Est-ce utile de manifester contre Éric Zemmour ?

Manifestation contre la présence d'Éric Zemmour pour un meeting à Nantes (Sebastien SALOM-GOMIS / AFP)

Nantes, Ajaccio, Biarritz... Les meetings d'Éric Zemmour s'accompagnent souvent de manifestation d'opposants. Dernière en date à Nantes, où des heurts ont opposé des manifestants aux forces de l'ordre.

Nantes, Ajaccio, Biarritz... Les meetings d'Éric Zemmour s'accompagnent souvent de manifestation d'opposants. Dernière en date et la plus marquante, à Nantes samedi 30 octobre, où des heurts ont opposé des manifestants aux forces de l'ordre, chargées d'empêcher les manifestants d'approcher la salle où se tenait le meeting.

Ces manifestations "donnent de l'audience" à Zemmour

"Ces manifestations font indirectement le jeu de Zemmour. Cela évènementialise le moindre de ses déplacements, crée une dynamique de campagne et donne l'audience qu'il n'y aurait pas eu sans ces manifestations. Car les meetings réunissent peu de monde comparé à l'audience des chaines infos qui vont parler des manifestations, et qui n'auraient pas autant parlé d'un simple meeting", analyse Philippe Moreau-Chevrolet, expert en communication.

Des évènements suivis en direct sur les chaînes d'informations comme BFMTV, mais aussi relayés par les journaux télévisés de 20h de TF1 et France 2 le soir même, qui ont évoqué les heurts en marge du meeting. De quoi toucher plusieurs millions de téléspectateurs, quand le meeting de Nantes n'a réuni que 1500 personnes selon les organisateurs.

Zemmour dans les pas de Trump

Avant Nantes, à Ajaccio, des échauffourées avaient éclaté entre les partisans de l'ex-chroniqueur et des militants de Core in Fronte quelques minutes avant une réunion publique. Quelques jours plus tard à Biarritz, la maire LR Maider Arosteguy refuse de le recevoir dans le centre-ville en raison de "risque de troubles à l'ordre public" et le contraint à se déplacer en périphérie de la ville.
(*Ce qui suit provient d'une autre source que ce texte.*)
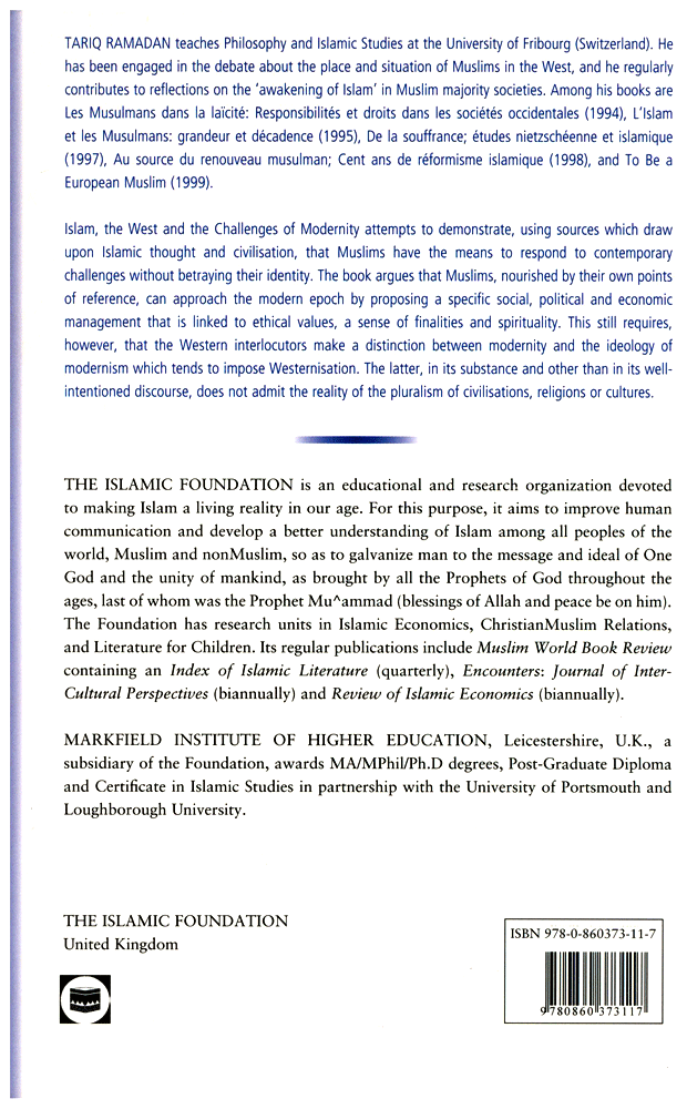 Author: Tariq Ramadan Publisher: The Islamic Foundation Size/Vol.: A5 (14.8x21 cm - 5.83x8.27 in) ISBN : 9780860373117 Language : English -A5 Size - 22 x 14 x 2.2 CMBinding : Paperback -

"Ces manifestations permettent à Zemmour de faire comme Trump, qui a fait face à des manifestations antifa durant sa campagne, et faisait mine d'interroger 'où sont les vrais fascistes ?'", rappelle le politologue Jean-Yves Camus, spécialiste de l’extrême droite.

"Le débat sur la façon de s'opposer à un candidat d'extrême droite remonte à des années, avec Jean-Marie Le Pen, puis Marine Le Pen. Les associations, les syndicats manifestent parfois, certains candidats refusent de débattre comme Anne Hidalgo", resitue Jean-Yves Camus.

Le risque ? "Que des électeurs pensent qu'il est une victime"

Pour l'instant, aucun candidat ni aucun parti n'ont appelé à manifester ou soutenu une manifestation anti-Zemmour. Seuls des associations et syndicats comme Solidaires ou Attac ont pour l'instant organisé localement ces manifestations, au gré des déplacements du candidat encore non-déclaré. "Le risque c'est qu'une partie des électeurs pense que l'intolérance est du côté des manifestants anti-Zemmour, et estime qu'il est une victime", estime le politologue. Une opposition dont se sert Éric Zemmour pour revêtir ses habits de victime.

Les manifestations anti-Zemmour, contreproductives ?

"Certains politiques et syndicats organisent la diabolisation de Zemmour comme face au FN dans les années 80. Cela a fonctionné en marginalisant Jean-Marie Le Pen puis Marine Le Pen. Mais les recettes qui marchaient dans les années 80 pourraient ne pas fonctionner dans la France d'aujourd'hui", estime Philippe Moreau-Chevrolet.

Pour l'expert en communication, "les Français ont été marqué par les gilets jaunes et peuvent avoir peur de la gauche et de l'extrême gauche. Avec leur mobilisation contre Zemmour, le risque c'est que certains électeurs se disent "Zemmour les dérange c'est peut être qu'il est la bonne solution" ou bien "je suis de droite, et Zemmour dérange la gauche. N'est-il pas le meilleur candidat ?", s'interroge le spécialiste en communication. Prochaines étapes pour Éric Zemmour : Lyon, Dijon et Bordeaux.